The final item on my list is perhaps the most obvious, but it still merits a few words. When you throw 195 parties in a conference center to negotiate climate change, dealing with everyone’s interests is a notoriously lethargic process, especially in light of the previous three factors discussed in this article. There are many coalitions, and there are too many conflicts of interest. It is indicative that, as my experienced accompanying professor pointed out to us, most of the decisions only come about in the very final days, even hours, of the conference. And at the end of the day, negotiators and observers most times leave the conference with a feeling that nothing was accomplished at all.
Ultimately, the entire process is just very slow and deficient relative to the urgency that is climate change. Although I was only there for the first week, it didn’t seem like negotiators were on course to settle on anything major. In fact, it seems like this is case with most COPs.
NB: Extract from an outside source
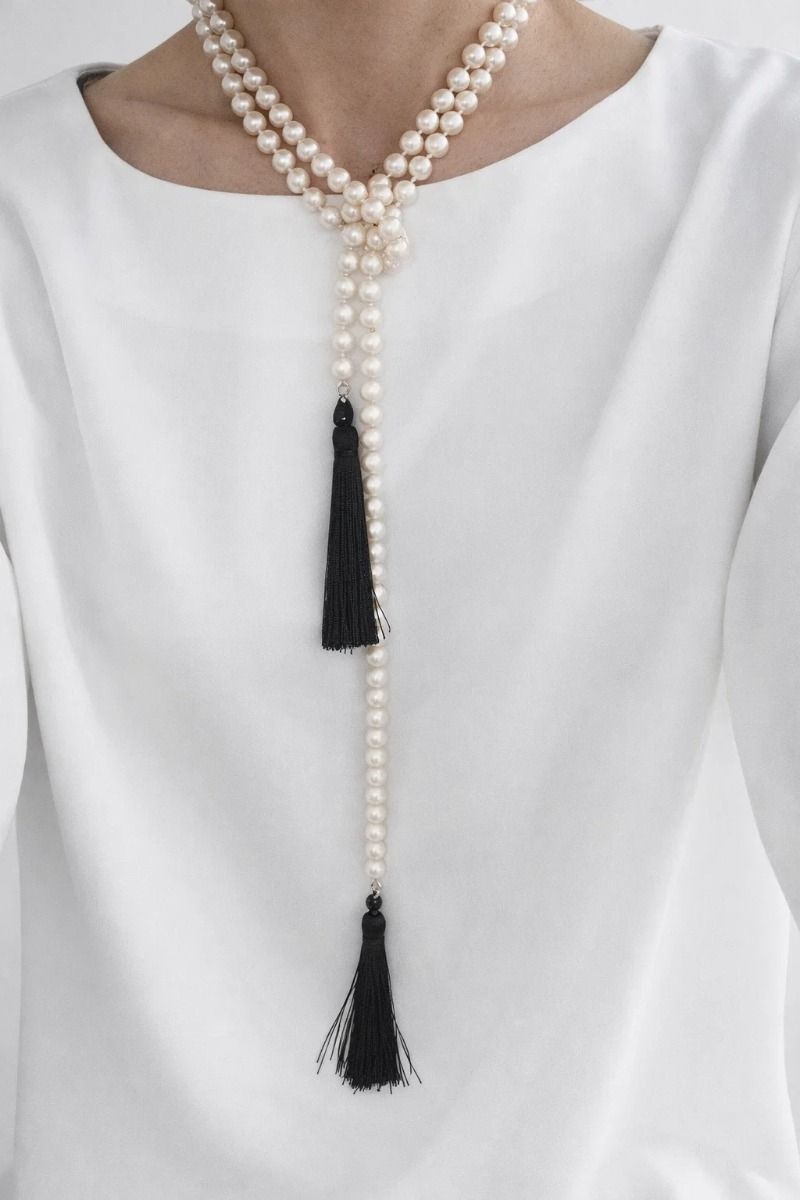 Вишуканий лариат довжиною 120 см з блискучих натуральних прісноводних перлів 8 мм з ефектними чорними китицями на кінцях. Цю універсальну прикрасу можна носити як довге намисто, обгорнути подвійно, зав'язати вузлом або накинути як пояс. Контраст білих перлів і чорних китиць створює сміливий, витончений образ.
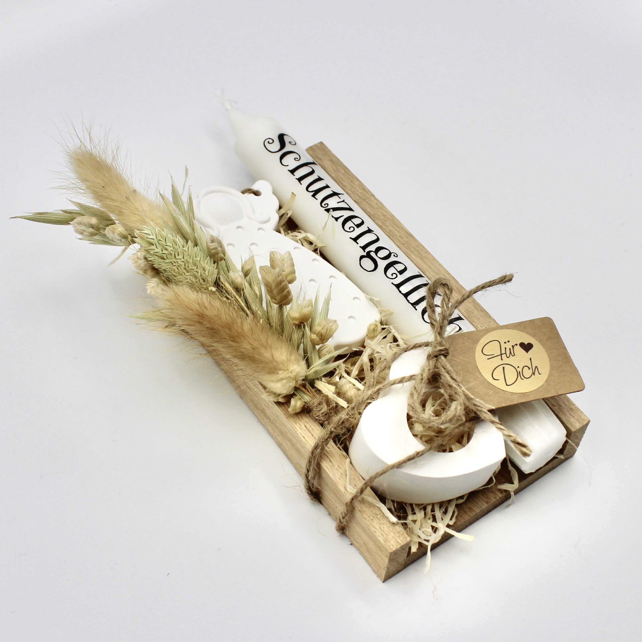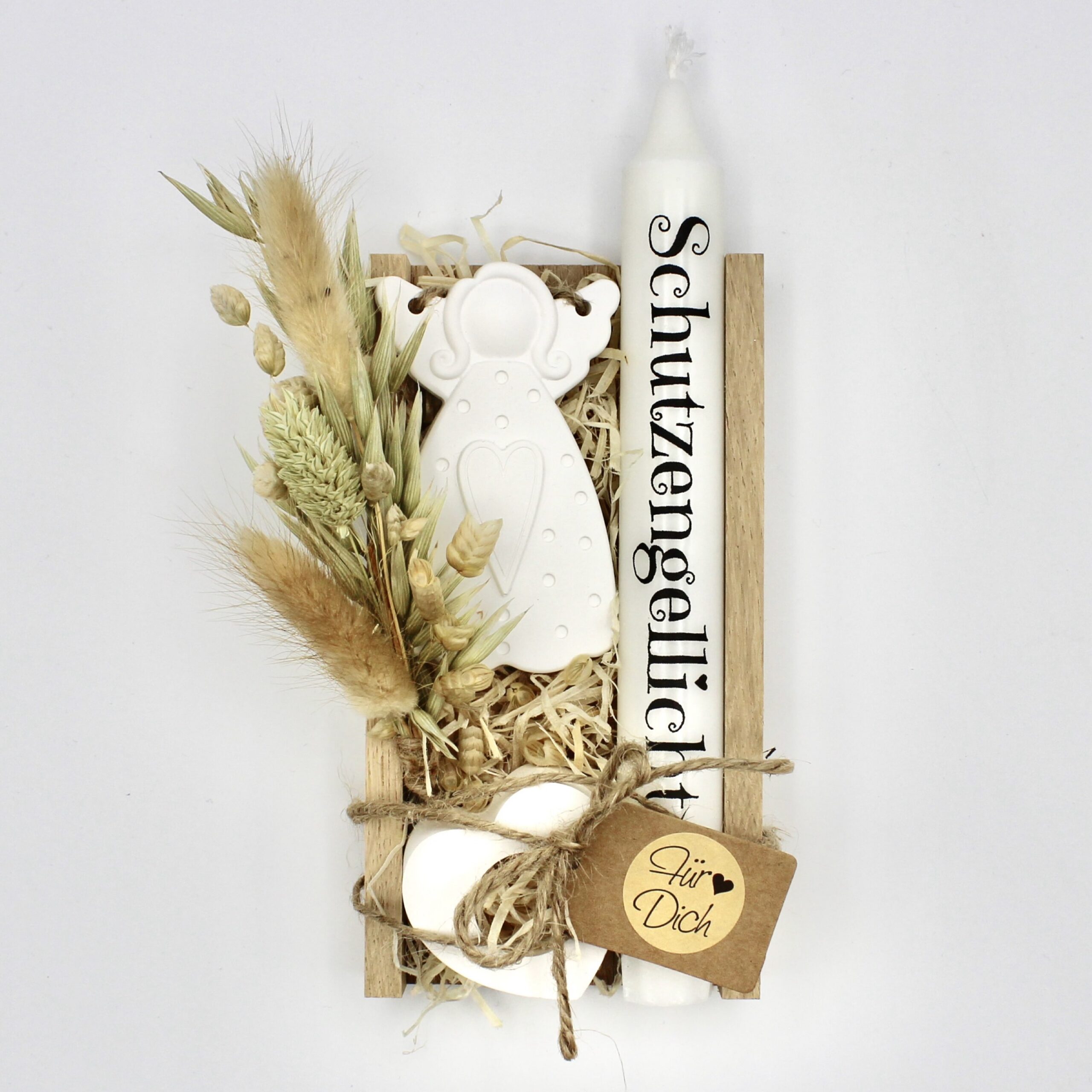 Lernen Sie den Kerzenhalter “kleines Herz” kennen – Dieses zauberhafte Kerzenaccessoire ist nicht nur eine stilvolle Möglichkeit, Ihre Kerzen zu präsentieren, sondern auch ein herzerwärmendes Dekorationsstück, das jedem Raum eine liebevolle Atmosphäre verleiht. Neben dem Kerzenhalter ist auch ein Engel-Anhänger im Set enthalten, der den Namen “Schutzengel” für das Mitbringsel perfekt abrundet.

I have no idea. I do, however, remember reading an essay for the Introduction to International Relations course I took during freshmen year that suggested a smaller negotiating platform was needed. The paper, by international relations scholar David Victor, suggested a “k-group,” including the top 10 emitters plus Brazil and Indonesia (two of the top emitters of carbon dioxide from changes in land use). The number 12, he argues, is sufficient to create significant change and to overcome (or at least alleviate) the difficulties of the number-heavy process that is currently underway. It seems like an interesting suggestion, although there are many issues to take into consideration. A “k-group,” for example, would be exclusionary by definition, and would most likely not be welcomed by those nations that are left out of it. In any case, the solution would certainly not create efficiency for environmental diplomacy – it would probably still have many deficiencies.
In the end, the process of climate negotiations is fundamentally troublesome, and this is something to take into consideration as we deliberate possible steps forward for climate change. It looks like environmental diplomats are fated to travel on a very rocky road.